**DIRECTIONS FOR THIS TASK:**
Return the lines of the material below exactly, beginning with the line that has "생활실 내에서 교육을 진행하였고, 교육에 대한 이해도를 돕기 위해" in it and finishing with the line that has "Balsam KROKMED Antimozolin" in it. Leave all pictures aside.

======

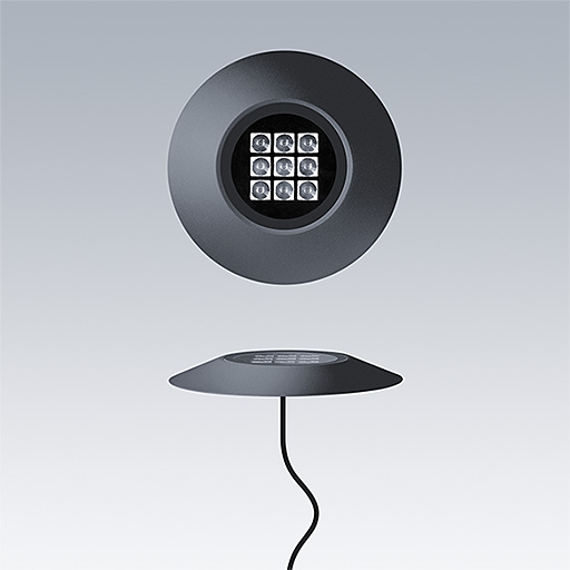 Cesar Bow plafonnier, luminaire à LED pour l'éclairage décoratif des façades, avec et distribution faisceau large. Classe électrique III. Convertisseur à distance DALI2. IP67, Résistance aux impacts : IK09. Boîtier : aluminium Moulage sous pression, thermopoudré texturé anthracite. Température de service de Température ambiante : -20°C à +40°C. Livré avec LED 4 000 K.
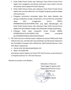 Pasuruan, Kabarpas.com – Komisi Pemilihan Umum (KPU) Kota Pasuruan membuka Pengumuman Pendaftaran Pasangan Calon Walikota dan Wakil Walikota Pasuruan untuk Pilkada Tahun 2024. Berikut jadwal dan persyaratannya:
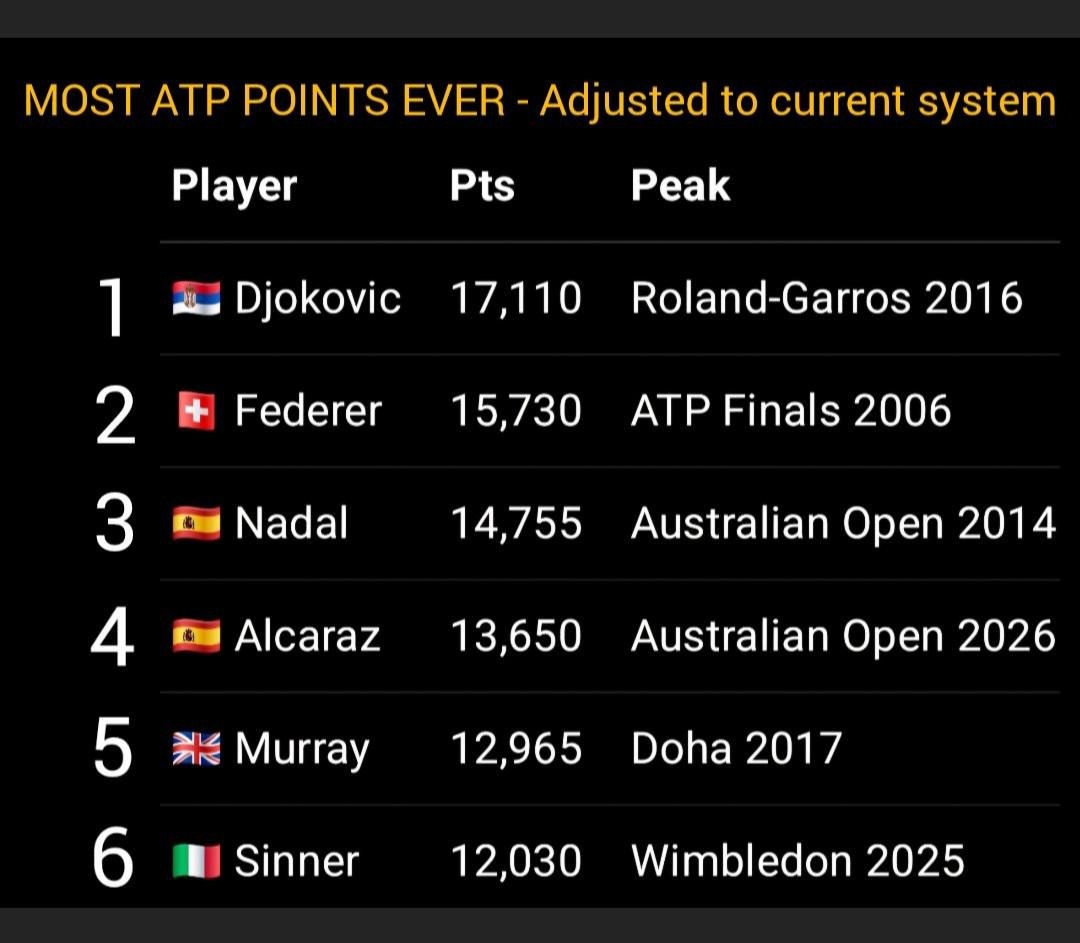 🎾 1. Новак Джокович – 17 110 2. Роджер Федерер – 15 730 3. Рафаэль Надаль – 14 755 4. Карлос Алькарас – 13 650 5. Энди Маррей – 12 965 6. Янник Синнер – 12 030 Подпишись на Эйс и точка
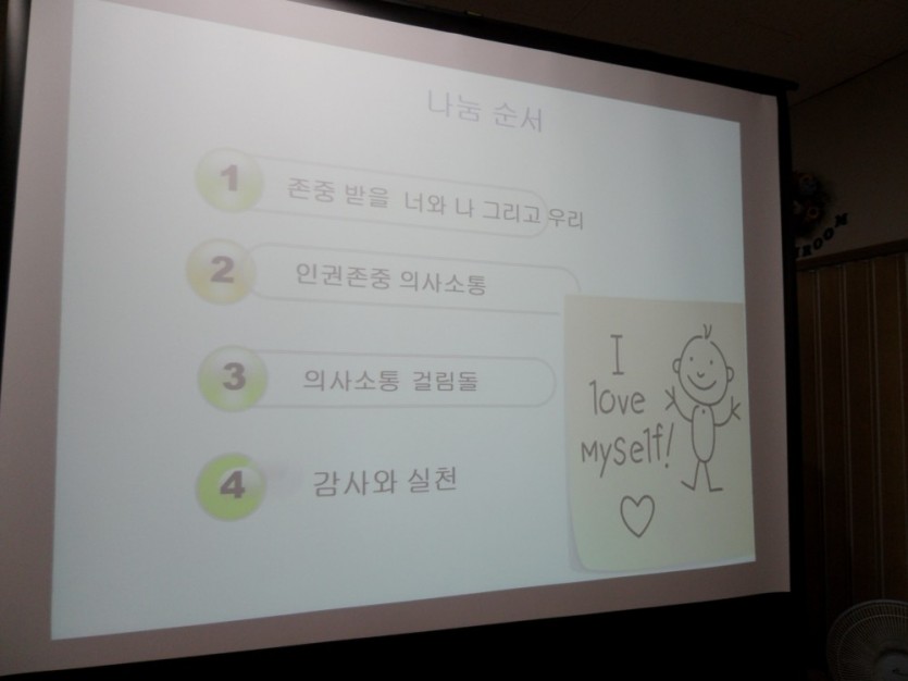 생활실 내에서 교육을 진행하였고, 교육에 대한 이해도를 돕기 위해
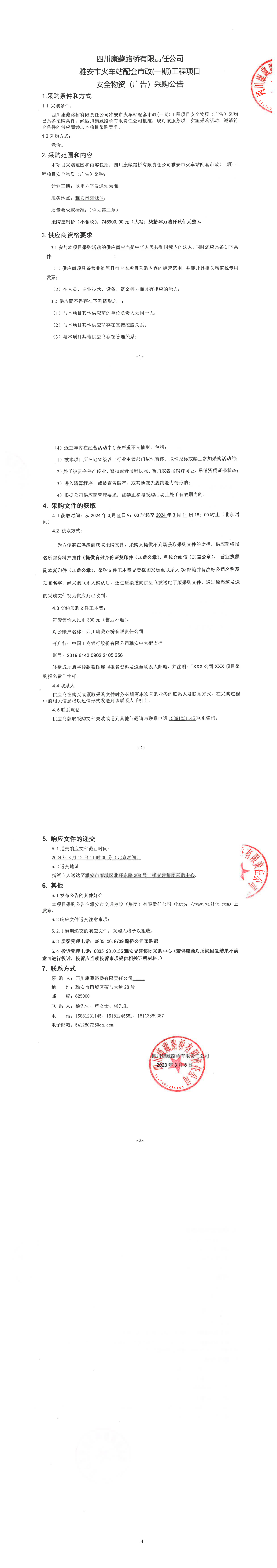 四川康藏路橋有限責(zé)任公司雅安市火車站配套市政(一期)工程項(xiàng)目安全物質(zhì)(廣告)采購公告
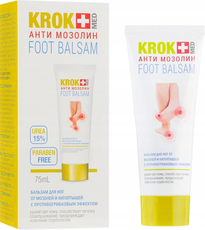 Balsam KROKMED Antimozolin zmiękcza szorstką skórę i ułatwia usuwanie zrogowaceń.
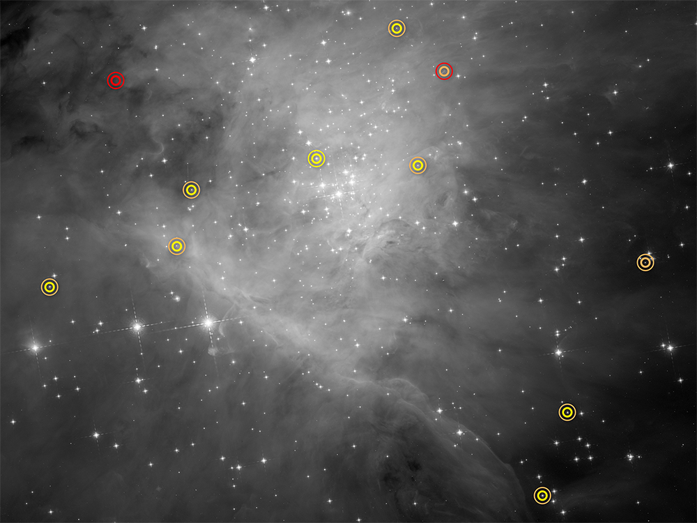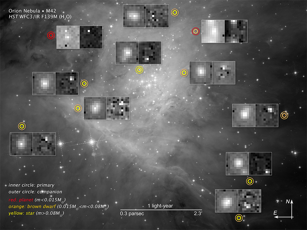 М42 или Большая туманность Ориона — ближайшая к Земле область образования звезд, расположенная в 1350 световых годах, что позволяет изучать процессы формирования и эволюции звезд и субзвездных объектов самых разных типов. Поскольку коричневые карлики холоднее звезд, то в их атмосфере может существовать водяной пар, который можно обнаружить при наблюдениях в ближнем инфракрасном диапазоне. Этим воспользовалась команда ученых во главе с Массимо Роберто (Massimo Robberto), которая при помощи «Хаббла» обнаружила в туманности 1200 красноватых объектов-кандидатов. Наиболее яркие объекты, имевшие водяной пар, были идентифицированы как красные карлики, более тусклые — как коричневые карлики и планеты. Остальные объекты не имели признаков наличия водяного пара и были классифицированы как звезды, свет от которых претерпел рассеяние на частицах пыли.
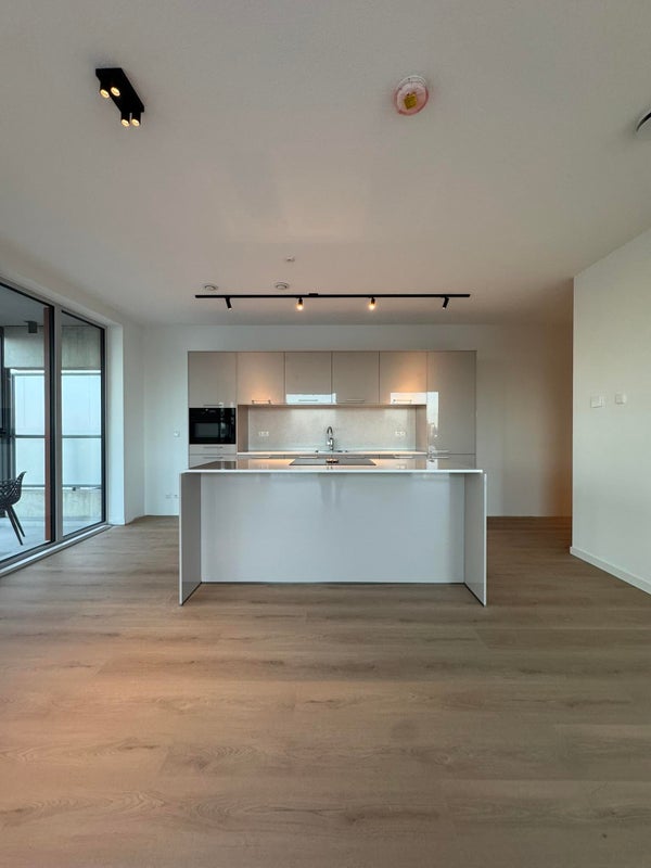 L'abitazione dispone di un soggiorno molto spazioso e luminoso con ampie vetrate e di una cucina aperta con isola di cottura. La cucina è rifinita con materiali di alta qualità e dotata di vari elettrodomestici integrati, tra cui un piano cottura a induzione, un forno, una lavastoviglie, un frigorifero e un congelatore. Grazie alla disposizione aperta, la cucina forma una parte centrale e confortevole dello spazio abitativo.

======

**SOLUTION FOR THIS PROBLEM:**
 생활실 내에서 교육을 진행하였고, 교육에 대한 이해도를 돕기 위해
 四川康藏路橋有限責(zé)任公司雅安市火車站配套市政(一期)工程項(xiàng)目安全物質(zhì)(廣告)采購公告
 Balsam KROKMED Antimozolin zmiękcza szorstką skórę i ułatwia usuwanie zrogowaceń.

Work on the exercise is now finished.